VC-Buyer Relationships Are Key
I hypothesize that VCs can play this informational role because they play a repeated game in the M&A market. In support of this hypothesis, I document that relationships between buyers and VCs through previous M&A transactions further reduce the need to use earnout clauses in the M&A contract. Additionally, buyers are more likely to work with a VC on a future M&A transaction if the VC and buyer worked together on a transaction in the past, implying that buyer-VC relationships are important drivers of the private startup M&A market. These results indicate that VC-buyer relationships create additional value in the startup M&A market by reducing information asymmetry between startups and buyers.
VC-Specific Preferences over M&A Contracts
Lastly, I focus on two economic frictions specific to the VC in the startup M&A market that could further explain the use of earnouts in contracts. An important cost for VCs when using earnouts is that an earnout requires the VC to monitor the startup’s operations after the M&A transaction and verify the earnout consideration. I show that VCs are less likely to use earnouts when monitoring costs are high from their perspective, as measured by the physical distance between the VC and the startup. VC funds have a closed-end structure and, on average, liquidate themselves in about ten to twelve years. Investors in the fund require their returns at the end of the fund’s lifetime, and the VC must turn its assets, including its stake in startups, into cash.
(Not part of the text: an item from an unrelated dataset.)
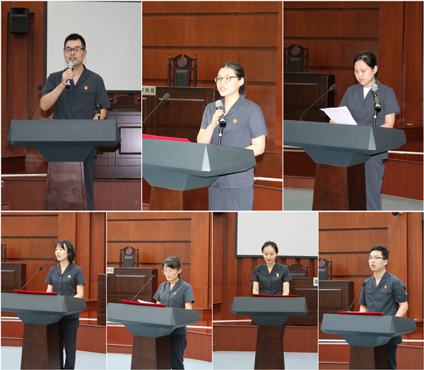 会上,七名宣讲人立足先进典型事迹,结合自身实际,分别以《球友、战友、朋友》《时代先锋学习楷模》《栖法兰台的追梦人》《无悔的青春 奉献的年华》《青春韶华浇筑执行梦想 党性光辉引领司法人生》《柔情善断促公正 忠诚担当筑法魂》《初心不改 奋勇争先》为题,讲述了在法院日常工作生活中的所思所感,歌颂了身边优秀党员、优秀法官的先进事迹。宣讲人声情并茂的宣讲,向我们展现了一个个先进典型鲜活的事迹:既有审判法官的勇于担当,又有执行干警的艰辛与收获;既有青年干警的成长与奋斗,又有老法官的执著与坚守。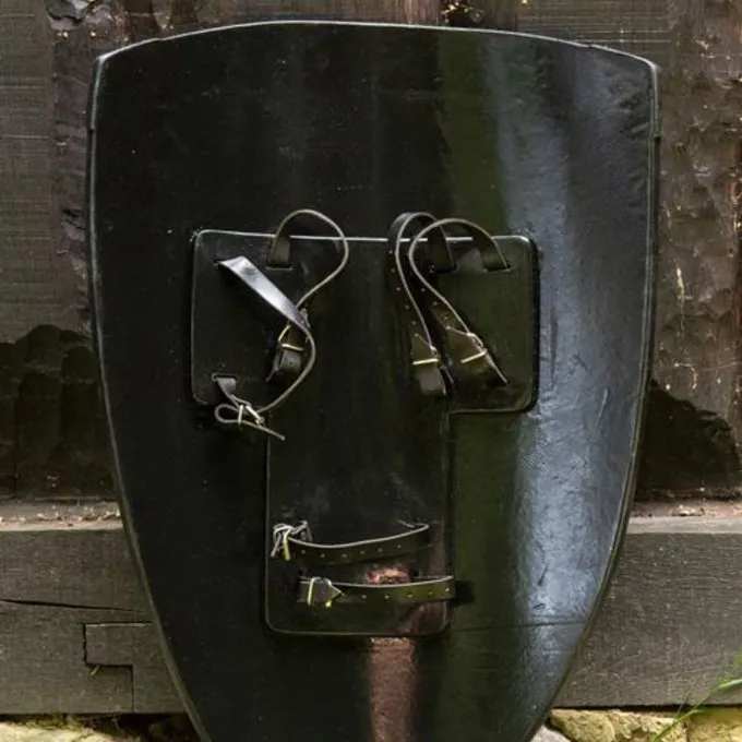 Dieser LARP Schild befindet sich auf dem historischen Drachen Schilde basiert, die während des Hochmittelalter verwendet wurden. Dies waren auch die Schilde, die entlang auf Crusades gebracht wurden. Dieses Schild ist mit einem weißen und schwarzen Hintergrund mit einem roten Ritter Templerkreuz verziert. Der Schirm wird gemalt so lebensecht, dass es sieht aus wie Sie die Maserung des Holzes durch die Farbe sehen. Der Rand erscheint nur aus Stahl einschließlich Nachahmung Stahlnieten zu werden. Der Schirm hat drei Paare aus Lederriemen auf der Rückseite, so dass Sie es an beiden Armen auf verschiedene Weise tragen.

Comparing early and late M&A deals in the same VC fund, I document that early M&A deals in the lifecycle of the VC fund have a higher likelihood of having an earnout than later deals. The finding implies that VCs incorporate their idiosyncratic liquidity needs when negotiating M&A contracts. These results indicate that VCs have idiosyncratic preferences over the use of earnouts that might or might not align with the preferences of other investors.
In conclusion, this paper provides several new insights for startups to consider when choosing a VC investor (or VC fund) and how this can potentially affect M&A contractual outcomes. Given that a large amount of (successful) startups exit the market through an M&A, it is an economically important decision for startups. Among the most significant of my findings is that buyers can substitute the role of earnouts with VCs in reducing the friction caused by information asymmetry between the buyer and seller. The VCs play a crucial role in establishing credibility in the startup M&A market. VCs also protect their idiosyncratic interests, such as checking the opportunity cost emanating from monitoring costs and converting assets into cash at the end of the VC fund’s life when deciding the optimal M&A contract.
Lauren Vollon is an Assistant Professor of Accounting at the Bocconi University Department of Accounting.
This paper is adapted from her “Venture Capital and Private M&A Contracting” paper, which is available on SSRN.